In Cologne, a couple could not leave their own apartment last year because a chipboard blocked the front door on the carnival Sunday. The owner had probably wanted to protect the building from drunk passers -by. The fire brigade had to move and help. So it is not so absurd that a couple in the new Netflix thriller “Brick”, who starts on Thursday (July 10). However, “Brick” has much more dramatic consequences and it is a lot of mystery in the game.
Tim (Matthias Schweighöfer) and Olivia (Ruby O. Fee) live in a Hamburg residential building, the facade of which is currently being renovated. Both lived apart emotionally after their daughter’s miscarriage – he has built a wall around him, does not let anyone close and hides behind his work as a video game developer. It decides to separate from him.
But Olivia cannot leave the apartment together – because the door is suddenly bricked up – just like the windows. From a mysterious, black, impenetrable wall.
“It is not a carbon fiber, it is not a liquid granite, what kind of material is that?” Asks the architect visibly irritated. “All of this makes no sense, the arrangement of the bricks, the differences in size: why do you build a wall?”
Enclosed, without cell phone reception and flowing water, the couple sits firmly and becomes increasingly nervous. Tim and Oliver fight their way through their neighbors – together they try to solve the secret of the wall and find a way into freedom. But that ends fatal for some.
For director and screenwriter Philip Koch, who has already noticed the combat film “60 minutes” for Netflix and the science fiction series “Tribes of Europe”, the capture in a hermetic system is a “deep-seated human fear”. In addition, the wall stands for the lonely in our society and for depression. The wall as a metaphor-this representation is overused in the approximately 90-minute survival thriller.
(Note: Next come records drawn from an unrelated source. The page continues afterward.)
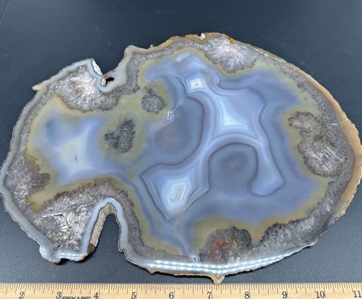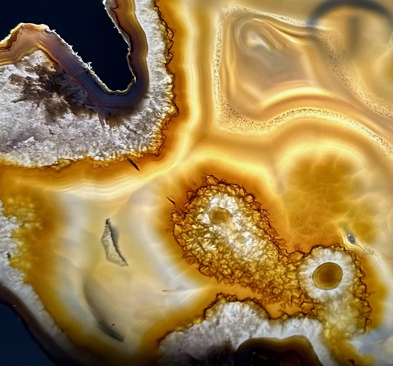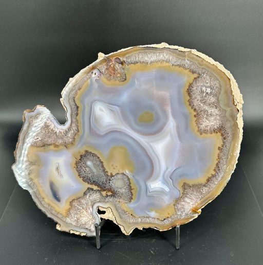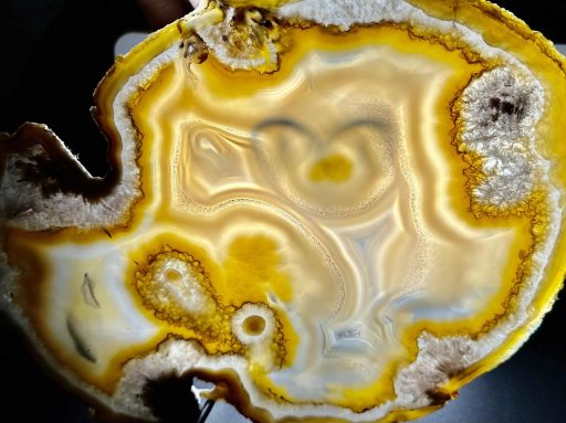 Agates mostly occur as nodules in volcanic rocks or waters containing silica in solution possibly derived from the decomposition of silicates in the lava. The siliceous matter is deposited in regular layers resulting in the banded or striped formation.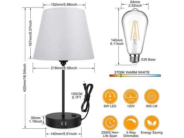 - Vintage Edison Dimmable ST64 E26 LED Bulb Included - The small table lamp for bedrooms comes with a ST64 dimmable 60W equivalent LED Vintage Bulb in the package. The Energy Saving 2700K Warm White filament 6W 800lm LED edison bulb (60 watts equivalent) can be adjusted to desired brightness, providing a glare free, non-flickering and natural lighting for reading, working and studying.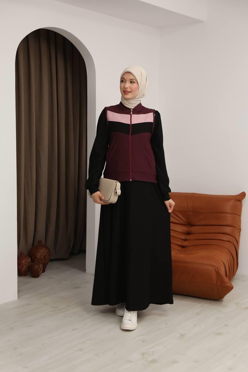 7058 İki İplik Spor Takımı - Siyah & Bordo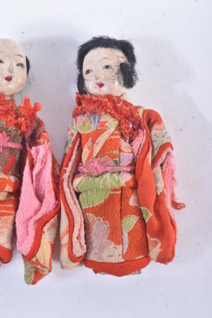 Dolls - two late 19th / early 20th century composition Japanese dolls. Composition heads and limbs with traditional costumes. Both with inlaid black hair and inset glass eyes. One doll with damage to feet, otherwise complete. Each measures approx; 8cm tall.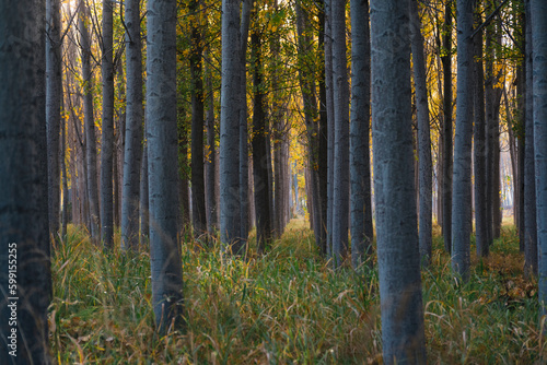 © Cavan, Fototapeta premium sun illuminating over poplar forest in autumn

The heart of history is certainly the relationship between the protagonists, who are also a couple in real life and have stood in front of the camera several times. Perhaps that helped when her characters in an emotional key scene scream the truth on the face for the first time in a long time.
“When I went into this emotion during the shooting, it was exciting in a way and was definitely fun at the beginning. At some point, of course, it also says,” said Fee in the dpa interview. “But it’s a super touching, emotional scene and the first time that the two really talk to each other.”
A dispute with obstacles
The sequence had caused a delay during the filming because the crew found it “emotionally flat” and “not credible” on the first attempt. Together with Schweighöfer and Fee, the script was then rewritten, the scene was turned again a few days later.
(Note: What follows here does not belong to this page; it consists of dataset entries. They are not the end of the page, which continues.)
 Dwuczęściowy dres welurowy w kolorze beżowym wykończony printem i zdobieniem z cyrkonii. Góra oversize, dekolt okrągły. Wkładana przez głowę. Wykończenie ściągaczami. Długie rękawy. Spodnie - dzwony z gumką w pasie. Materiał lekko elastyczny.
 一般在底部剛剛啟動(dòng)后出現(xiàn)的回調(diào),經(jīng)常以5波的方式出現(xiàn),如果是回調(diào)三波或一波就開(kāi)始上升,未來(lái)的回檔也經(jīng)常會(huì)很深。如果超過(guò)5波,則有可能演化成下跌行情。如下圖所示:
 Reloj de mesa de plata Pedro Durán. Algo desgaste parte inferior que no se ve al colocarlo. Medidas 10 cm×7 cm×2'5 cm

“Especially in scenes that are so emotional in which tears flow and anger in the game, you always try not to turn 20 take one after the other. You may take a break after 3-4 take and everyone is concentrated,” said Schweighöfer.
The gloomy chamber game is surprisingly bloody (released from the age of 16), told rapidly, but in some places it is quite predictable. At least the puzzle of the wall is dissolved at the end – even if it will probably not be satisfied.
dpa
Source: Stern

I am an author and journalist who has worked in the entertainment industry for over a decade. I currently work as a news editor at a major news website, and my focus is on covering the latest trends in entertainment. I also write occasional pieces for other outlets, and have authored two books about the entertainment industry.